Even industry leaders are advocating for a break to do a circuit with Congress and an International Circuit to testify. According to Joe, this signifies a world that is aware that these processes and safety concerns are a priority that has perhaps been grazed over in previous technological revolutions.
“It’s a really healthy intention. However, awareness doesn’t always translate to execution,” Joe says.
That being said, the work done in 2023 has laid a solid foundation for continuation in the new year. We can now aim for better standards of trustworthy AI, higher expectations, and even laws to keep users safer and inspire a stronger sense of responsibility.
“At a minimum, we’ve landed in a place where there’s a consensus and awareness of the fact that safety responsibility needs to be a top-of-mind consideration. We need to establish a sense of balance relative to innovation and exploration. For example, you can’t over-index one versus the other. They need to be considerate of one another,” Ruth says.
The impact of AI in customer service operations
One of the areas in which AI development has shown what a sense of balance between innovation and exploration can achieve is customer service interactions, despite the idea that AI might reduce job availability.
“There was so much frenzy and some panic at the beginning over the idea that jobs are going to go away quickly,” Ruth says. “While I wouldn’t say that’s not going to be the case, what we’ve found at LivePerson and what customers have really validated is that AI and generative AI in the near term is going to augment human activities.”

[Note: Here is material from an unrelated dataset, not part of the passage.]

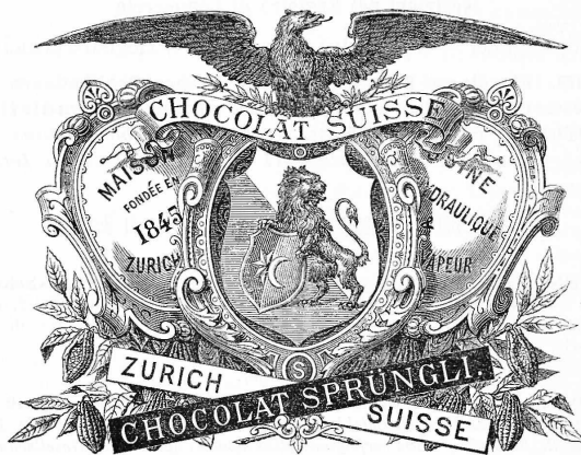
Chocolade- und Cacaopräparate.

David Sprüngli & Sohn, Fabrikanten, Zürich.

This means customer service agents are becoming more efficient, more productive, and providing more meaningful experiences for their customers while diminishing costs for the brand.
Think of a time when you might have had a bad customer service experience. It likely included a customer service professional who wasn’t very helpful — maybe there were issues like repeatedly putting you on hold to ask their supervisor for assistance. Perhaps you could tell they were frustrated with the customer support process as well, which only frustrated you more.
Now imagine if there was an AI customer service chatbot that could help that agent access more information with better customer data context and better recommendations so that they didn’t have to keep putting you on hold. They likely would have been happier they resolved the issue faster, and your customer experience was smoother.
AI that helps customer service teams do their jobs better is a win-win for everyone from the customer to the support agents to the brand. In the coming year, more practical customer service AI applications like this are going to become real for more brands.
We also hope and expect to see practical applications that show more consideration between big language models vs. smaller, data-trained models for decision-making.
“For the right product and for the right development process, there can be a beautiful marriage of off-the-shelf, third-party generative models that do best-in-class language generation and tighter models for decision making and problem-solving that are needed to orchestrate conversations between people and machines that feel better than they’ve ever felt before,” says Joe.
Again, developing models that interact in a more realistic and human-like way is a win-win. It’s a good way to deliver a great experience and do it without breaking the bank — a problem many businesses are looking to overcome in 2024.